= DATA FOR ANALYSIS =

- - - - - - -

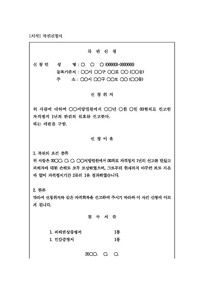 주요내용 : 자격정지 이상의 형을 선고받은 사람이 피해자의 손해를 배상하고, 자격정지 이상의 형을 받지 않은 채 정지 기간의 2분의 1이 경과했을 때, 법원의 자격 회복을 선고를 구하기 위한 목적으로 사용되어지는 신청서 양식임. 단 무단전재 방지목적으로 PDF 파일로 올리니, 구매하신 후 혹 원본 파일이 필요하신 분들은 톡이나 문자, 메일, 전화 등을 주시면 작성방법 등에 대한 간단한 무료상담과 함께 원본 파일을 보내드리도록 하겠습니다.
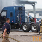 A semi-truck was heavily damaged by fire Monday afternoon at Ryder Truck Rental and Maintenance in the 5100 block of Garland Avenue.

- - - - - - -

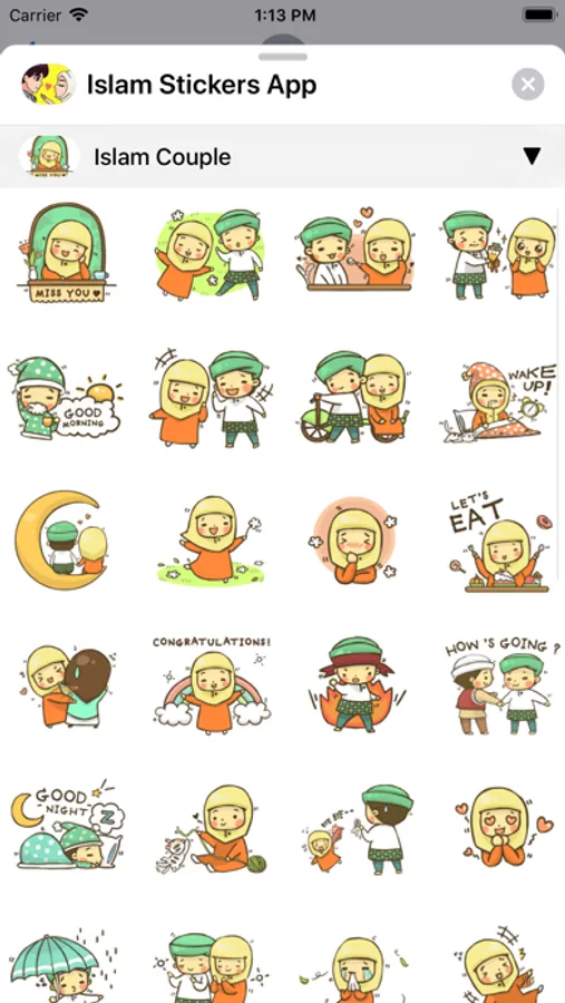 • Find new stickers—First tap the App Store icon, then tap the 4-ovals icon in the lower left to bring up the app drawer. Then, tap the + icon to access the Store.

- - - - - - -

= ASSIGNMENT =
Beginning with the line holding "주요내용 : 자격정지" in the material above, restate word for word each line through the line holding "A semi-truck was", and exclude pictures.

= WRITTEN RESPONSE =
 주요내용 : 자격정지 이상의 형을 선고받은 사람이 피해자의 손해를 배상하고, 자격정지 이상의 형을 받지 않은 채 정지 기간의 2분의 1이 경과했을 때, 법원의 자격 회복을 선고를 구하기 위한 목적으로 사용되어지는 신청서 양식임. 단 무단전재 방지목적으로 PDF 파일로 올리니, 구매하신 후 혹 원본 파일이 필요하신 분들은 톡이나 문자, 메일, 전화 등을 주시면 작성방법 등에 대한 간단한 무료상담과 함께 원본 파일을 보내드리도록 하겠습니다.
 A semi-truck was heavily damaged by fire Monday afternoon at Ryder Truck Rental and Maintenance in the 5100 block of Garland Avenue.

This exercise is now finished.